5. La décision explicite du 21 juillet 2023, intervenue en cours d'instance, s'est substituée à la décision implicite qui avait été opposée à Mme A. Par suite, les conclusions dirigées contre la décision implicite sont devenues sans objet, et il n'y a pas lieu d'y statuer.

Sur les conclusions de la requête n°2302173 :

6. La circonstance que Mme A ait bénéficié de la reconnaissance de la qualité de travailleur handicapé n'implique pas par elle-même son orientation professionnelle en Etablissement ou Service d'Aide par le Travail (ESAT). Si les documents médicaux qu'elle produit révèlent qu'elle souffre d'une lombalgie algique, aucune pièce du dossier ne permet d'établir que sa capacité de travail serait inférieure à un tiers au sens de l'article R. 341-2 du code de la sécurité sociale. Par suite, la requête n°2302173 doit être rejetée.

D E C I D E :

Article 1er : Il n'y a pas lieu de statuer sur la requête n°2301659.

Article 2 : La requête n°2302173 de Mme A est rejetée.

Article 3 : Le présent jugement sera notifié à Mme B A et à la maison départementale des personnes handicapées de l'Aube.

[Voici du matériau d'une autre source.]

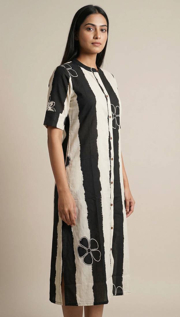 | Product Description | Navy Striped Embroidered Cotton Straight Kurti Is Designed For Women Who Love Comfort With Modern Elegance. The Breathable Cotton Blend Fabric Ensures An Easy All Day Feel. Featuring Hand Paint Style Vertical Stripes, Delicate Floral Thread Embroidery, A Mandarin Collar And A Full Button Down Front, This Kurti Is Perfect For Office Wear, Everyday Wear, And Casual Outings. Its Straight Fit Silhouette Creates A Sleek, Flattering Look Suitable For All Seasons. Seo Keywords Navy Kurti, Striped Kurti For Women, Embroidered Cotton Kurti, Button Down Kurti, Straight Kurti, Breathable Cotton Kurta, Office Wear Kurti, Trendy Kurti For Women, Daily Wear Kurti, Summer Cotton Kurti |

Rendu public par mise à disposition au greffe le 19 mars 2025.

Le magistrat désigné,

signé

A. DESCHAMPSLe greffier,

signé

A. PICOT

La République mande et ordonne à la ministre du travail, de la santé, des solidarités et des familles en ce qui la concerne ou à tous commissaires de justice à ce requis en ce qui concerne les voies de droit commun contre les parties privées, de pourvoir à l'exécution de la présente décision.